Sophie Cheung’s second solo show with Ora-Ora features several new works from the artist’s “Erasing News” series, which are created of newspaper ink on erasers. Within the context of this exhibition, the newspapers become divorced from the current affairs they once heralded, and evolve into markers of time, raw materials emblematic of the past. In “Emitting Air from Aerial Roots,” Sophie recollects physical sensations from adolescence: pangs of cramping and distress which would lead her to seek refuge on a park bench under the shelter of the trees. The discomfort finds a visual echo in the confused distortions of the tangled aerial roots of the banyan tree. “Crying in the Park at Night” recreates those trees in vivid purple.

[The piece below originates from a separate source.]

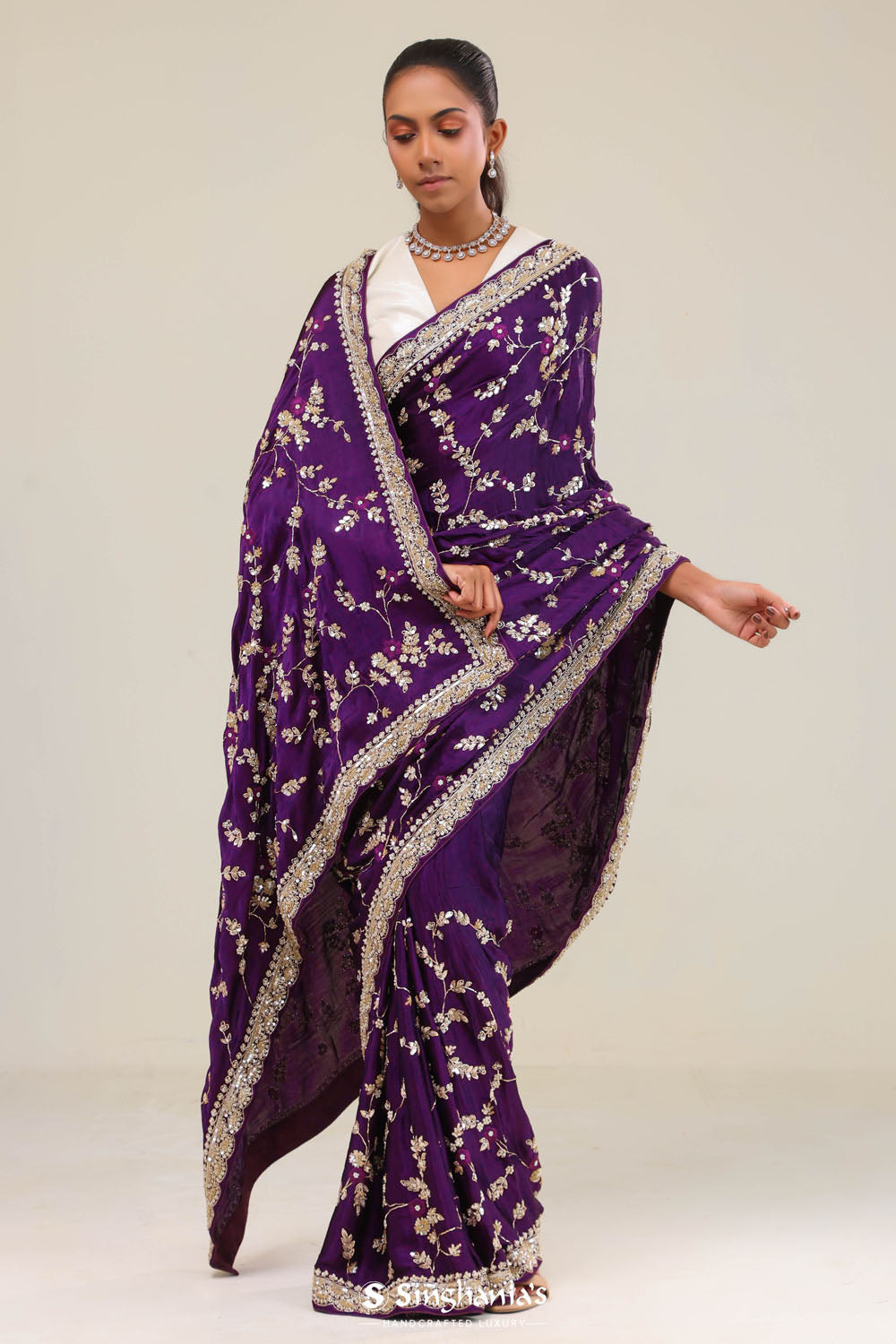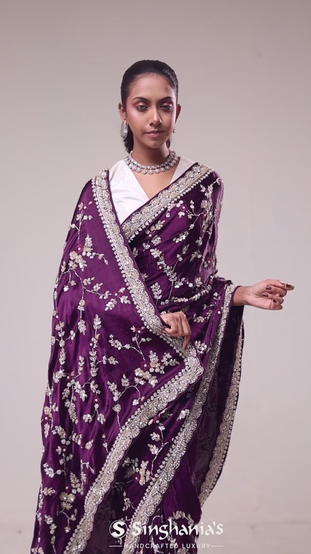 A richly royal purple saree with a silk base, which features floral jaal embroidered pattern. Added with intricately embroidered border and pallu, crafted with sequins, stones and glass beads. It’s an excellent choice for festivals, receptions and grand celebrations.
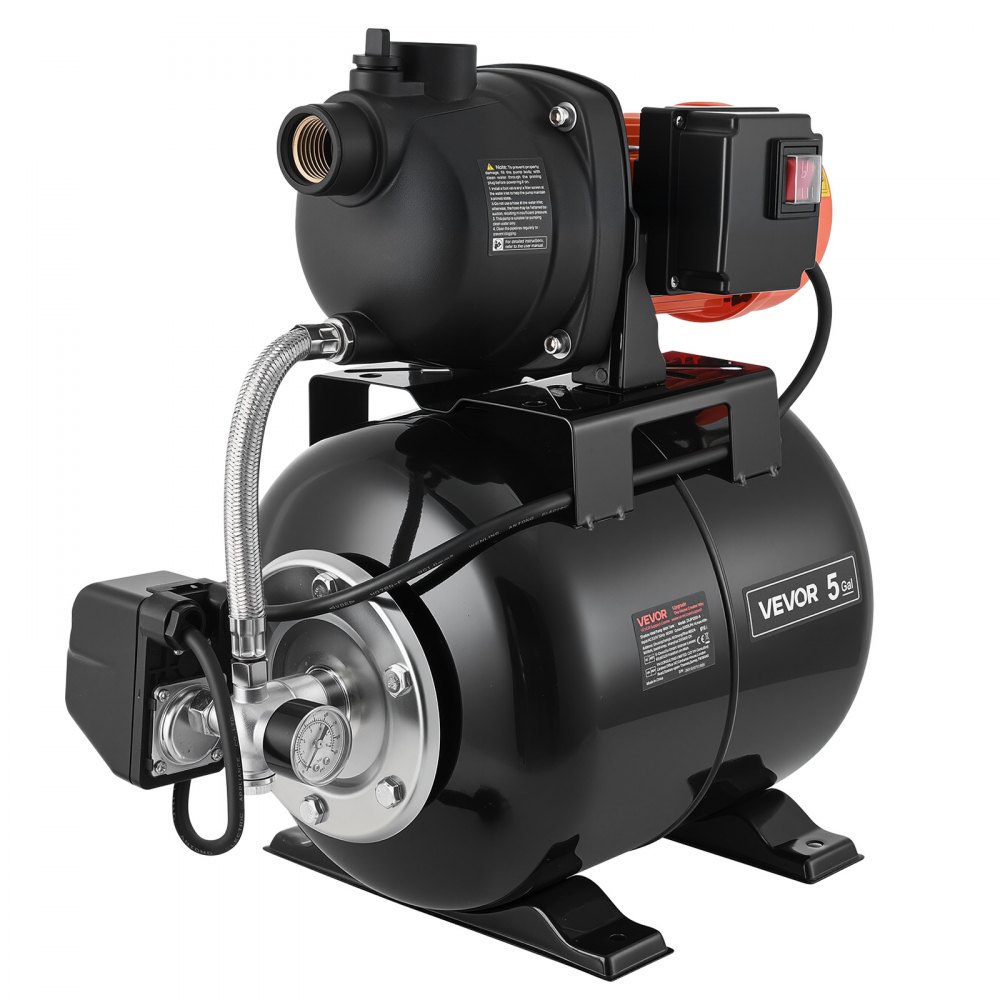 • Powerful Performance: This shallow well pump with tank delivers up to 1320 GPH / 5000 LPH and 164 ft / 49 m max head, easily handling large-scale garden irrigation and lawn watering while providing ample pressure-boosted water supply for residential use

The white, negative spaces become the spotlights of the garden, which take on the orbed appearance of eyeballs staring in judgment. Her artworks celebrate a diversity of tone, tones which naturally occur in newsprint. Blackness offers myriad depth, and whiteness takes on new meaning. In her new work “Fault Zone,” Sophie Cheung harnesses white, negative space to suggest a rupture or chasm, resembling the fault lines of the earth’s crust. This landscape of erasers becomes a metaphor for seismic upheaval, dislocations of identity and time.

 

As part of the curation, a poem by Sophie Cheung titled: “Baggage Shell and Cold Strand” is included, which highlights a middle point or an in-betweenness between leaving and arriving, states of uncertainty, division and anxiety. Echoing the words of German philosopher Friedrich Nietzsche on the flow and circle of life, that “die Mitte ist überall” (“the centre is everywhere”), Sophie Cheung continues her investigation of “in-betweenness.” She reconnects with the trepidations, insecurity and physical sensations of her lived experience, a sense of being on the threshold of reality and of another world, and of melting, falling and never arriving.

 

The exhibition is a pause for celebration in the midst of retrospection, an underlining of the power of the human spirit to reinvent, to recover and to overcome. The ideas for which Sophie Cheung is appreciated in an artistic context, may owe some of their roots to her own journey as an individual, with the inner and outer tempests which are the necessary accompaniment of all life.